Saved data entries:
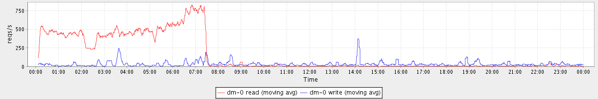 avg(dm-1 read) = 42.29 avg(dm-1 write) = 856.89
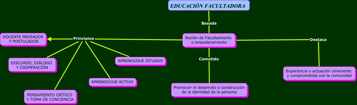 Este Cmap, tiene información relacionada con: CAPITULO 4.2, Noción de Facultamiento o empoderamiento Principios APRENDIZAJE SITUADO, Noción de Facultamiento o empoderamiento Cometido Promover el desarrollo o construcción de la identidad de la persona., Noción de Facultamiento o empoderamiento Destaca Experiencia y actuación consciente y comprometida con la comunidad, Noción de Facultamiento o empoderamiento Principios APRENDIZAJE ACTIVO, EDUCACIÓN FACULTADORA Basada Noción de Facultamiento o empoderamiento, Noción de Facultamiento o empoderamiento Principios DOCENTE MEDIADOR Y POSTULADOR, Noción de Facultamiento o empoderamiento Principios DISCURSO, DIÁLOGO Y COOPERACIÓN, Noción de Facultamiento o empoderamiento Principios PENSAMIENTO CRÍTICO Y TOMA DE CONCIENCIA
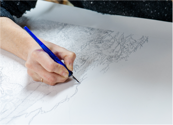 森のモニュメントを表現したカードボード彫刻が有名な彼⼥ですが、墨絵も彼⼥の作品において重要な役割を担っています。単なる下絵ではなく、それ⾃体が芸術作品です。今回の「カルト・ブランシュ」では、浮き彫り地図や地図製作に着想を得て、キャンバスにレリーフ状の絵を描いたシリーズを制作しました。
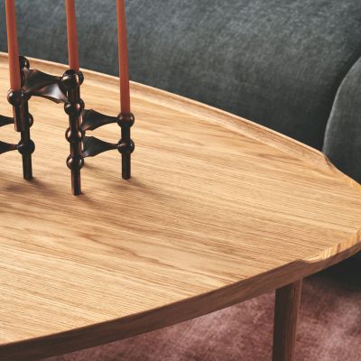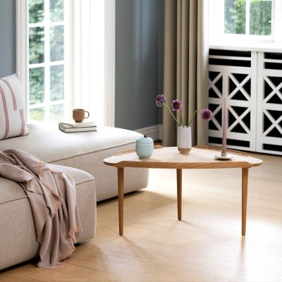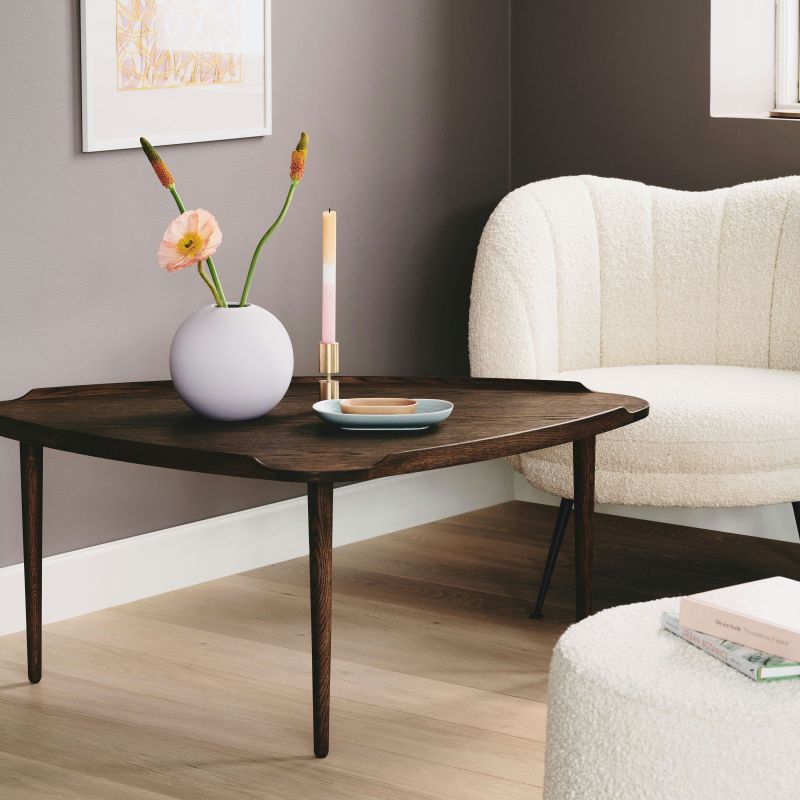 Coffee Table No.55 blev designet af Jørgen Aakjær Jørgensen i 1950erne. Med sin trekantede form, bløde hjørner og skarpe linjer fremstår det som rummets centrum både elegant og minimalistisk.
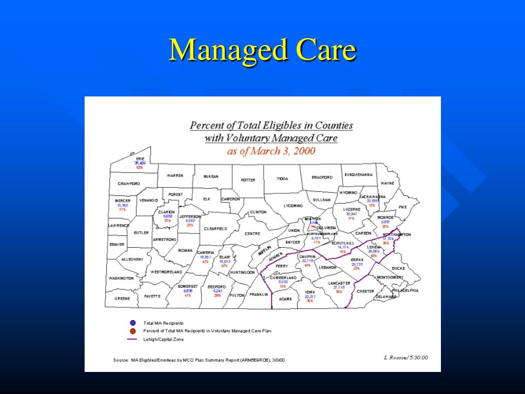 Medicaid Services in Pennsylvania • Two Parallel Delivery Systems: • Fee-for-Service • Managed Care • Voluntary • Mandatory

What you are asked to do
Every entry should be written out word for word, except for its pictures.

Result for this exercise
 avg(dm-1 read) = 42.29 avg(dm-1 write) = 856.89
 Este Cmap, tiene información relacionada con: CAPITULO 4.2, Noción de Facultamiento o empoderamiento Principios APRENDIZAJE SITUADO, Noción de Facultamiento o empoderamiento Cometido Promover el desarrollo o construcción de la identidad de la persona., Noción de Facultamiento o empoderamiento Destaca Experiencia y actuación consciente y comprometida con la comunidad, Noción de Facultamiento o empoderamiento Principios APRENDIZAJE ACTIVO, EDUCACIÓN FACULTADORA Basada Noción de Facultamiento o empoderamiento, Noción de Facultamiento o empoderamiento Principios DOCENTE MEDIADOR Y POSTULADOR, Noción de Facultamiento o empoderamiento Principios DISCURSO, DIÁLOGO Y COOPERACIÓN, Noción de Facultamiento o empoderamiento Principios PENSAMIENTO CRÍTICO Y TOMA DE CONCIENCIA
 森のモニュメントを表現したカードボード彫刻が有名な彼⼥ですが、墨絵も彼⼥の作品において重要な役割を担っています。単なる下絵ではなく、それ⾃体が芸術作品です。今回の「カルト・ブランシュ」では、浮き彫り地図や地図製作に着想を得て、キャンバスにレリーフ状の絵を描いたシリーズを制作しました。
 Coffee Table No.55 blev designet af Jørgen Aakjær Jørgensen i 1950erne. Med sin trekantede form, bløde hjørner og skarpe linjer fremstår det som rummets centrum både elegant og minimalistisk.
 Medicaid Services in Pennsylvania • Two Parallel Delivery Systems: • Fee-for-Service • Managed Care • Voluntary • Mandatory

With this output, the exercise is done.